Cabe lembrar que, segundo Guattari, Deleuze o viu como “uma espécie de ala esquerda do lacanismo”[2] e, assim, “O anti-Édipo surgiu como um acontecimento, como uma ruptura que reunia outras contestações potenciais, outras rupturas, outros questionamentos, sob um outro ângulo da psicanálise”.[3] Desse modo, no contexto francês pós-Maio de 68 surge a Esquizoanálise, forjada por um psicanalista e um filósofo. Anteriormente, Guattari havia fabricado o conceito de análise institucional para se contrapor à ideia de psicoterapia institucional, porém, nos anos 1980, demonstrou seu incômodo ao perceber que a análise institucional na América Latina havia sido capturada por professores universitários, psiquiatras e psicólogos, os quais a remeteram “a doutrinas de intervenção, a especialistas, a corpos institucionais especializados”.[4]
Como podemos perceber, esse analista, filósofo e militante não temia confrontos, nem se aprisionava em conceitos ou capelas. Ele sabia que, na psicanálise, havia confrontações de classe e, sempre que necessário, inventava novos conceitos, produzia outras possibilidades de intervenção, sem paralisar-se em retornos à tal ou qual mestre.
Pensamos na produção de uma esquizoanálise latino-americana, fabricada em nossa época, território, demandas e potências, mas desejamos não apagar nossas potentes origens como muito se faz até o presente momento nas práticas colonizadoras. Porém, hoje cabe perguntar o que diria Guattari acerca de uma certa “esquizoanálise” capturada em espaços institucionais, em que se forja um rosto no qual a apresentam como uma linha antipsicanalítica ou ainda como “a” mais atual abordagem psicoterapêutica. Contudo, basta ler a obra de Guattari, incluindo suas importantes entrevistas, para saber que em nenhum momento desejou inventar a esquizoanálise para asfixiá-la como uma especialidade “psi”, nem mesmo fechá-la em uma capela, como ocorreu com o lacanismo, ou reduzi-la a uma antipsicanálise. Aparentemente, alguns deixaram de lado seu alerta sobre a existência de um “falso nomadismo que nos deixa no mesmo lugar”.[5]
O molotov guattariano sempre foi lançado em direção ao discurso de saber-poder dos especialistas que tentavam privatizar o campo do inconsciente e a redução do desejo. Não à toa, Guattari, como dinamite dentro (e fora) da psicanálise, forjou uma prática analítica implicada, política e historicamente, com sua época, implodindo e transbordando uma psicanálise futurista, a qual olha para um inconsciente “voltado para o futuro”.[6] Neste sentido, é possível perceber que uma análise pode vir a compreender a força das avaliações, das escolhas, diferenças e composições, sem esquecer que “a vocação primeira da análise, na perspectiva freudiana, era a de uma abertura extremamente grande a todos os problemas sociais, estéticos, etc.”.[7] A partir dessa perspectiva, a análise é vista como uma análise de futuro, visto o inconsciente ter uma função de futuro, assim como os sonhos dos povos originários. Foi exatamente nessa direção que este psicanalista apostou, tendo em seu horizonte não um retorno ao passado, mas o encontro com o futuro, o pragmático e pulsional.
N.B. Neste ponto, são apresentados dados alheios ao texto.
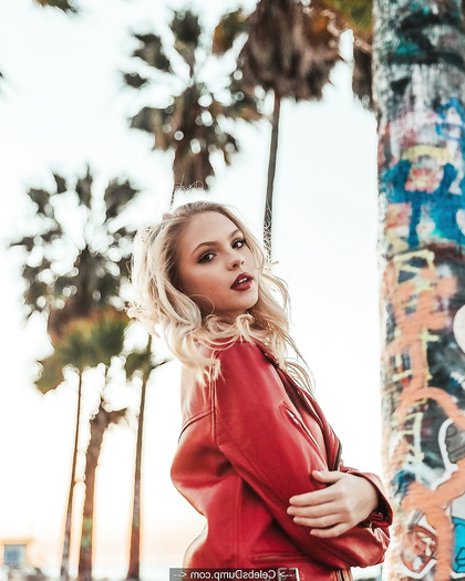 Jordyn Jones in red for Sam Cahill photoshoot, February 2019
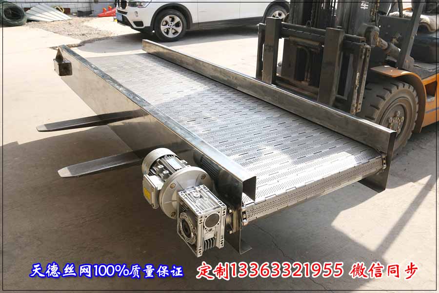 河北天德絲網制品有限公司生產銷售鏈板輸送機、不銹鋼輸送機、網帶輸送機、板式提升機、網帶轉彎機、食品爬坡機等等多種規格的金屬輸送帶。

Quando Guattari e Deleuze criticaram a psicanálise, não foi necessariamente para produzirem uma antipsicanálise, afinal, eles mesmos escreveram que não escondem que a esquizoanálise seria “uma psicanálise política e social, uma análise militante”.[8] Portanto, para nós, psicanalistas que compomos este livro, estes autores marcaram um importante lugar dentro da recomposição do olhar psicanalítico; eles contribuíram com a fabricação de dispositivos críticos em relação à psicanálise e produziram uma dobra ali onde alguns analistas paralisaram. Desde Freud, é sabido que jamais haverá como avançarmos em nosso campo sem uma constante reavaliação de nossa teoria, prática e do movimento psicanalítico.
Após a publicação de O anti-Édipo, o psicanalista Jacques Lacan afirmou que “a clínica psicanalítica consiste em re-interrogar tudo o que Freud disse”[9] e que ela “deve nos ajudar a relativizar a experiência freudiana”.[10] Nesse sentido, é urgente uma decolonização na/da psicanálise ― a começar por uma desterritorialização europeizante —, mas, ao mesmo tempo, é necessário adentrar no debate da memória, pois a negação da memória, da História, é um grave problema no Brasil, principalmente no que concerne ao racismo, ao período da ditatura civil-militar e ao colonialismo. Desse modo, adentrar no debate da memória é participar da política. E ao questionar os fundamentos psicanalíticos a partir dos desafios que se apresentam em nosso tempo, temos a oportunidade de seguir pensando e inventando dispositivos que possibilitem políticas de composição, políticas para uma vida não-fascista.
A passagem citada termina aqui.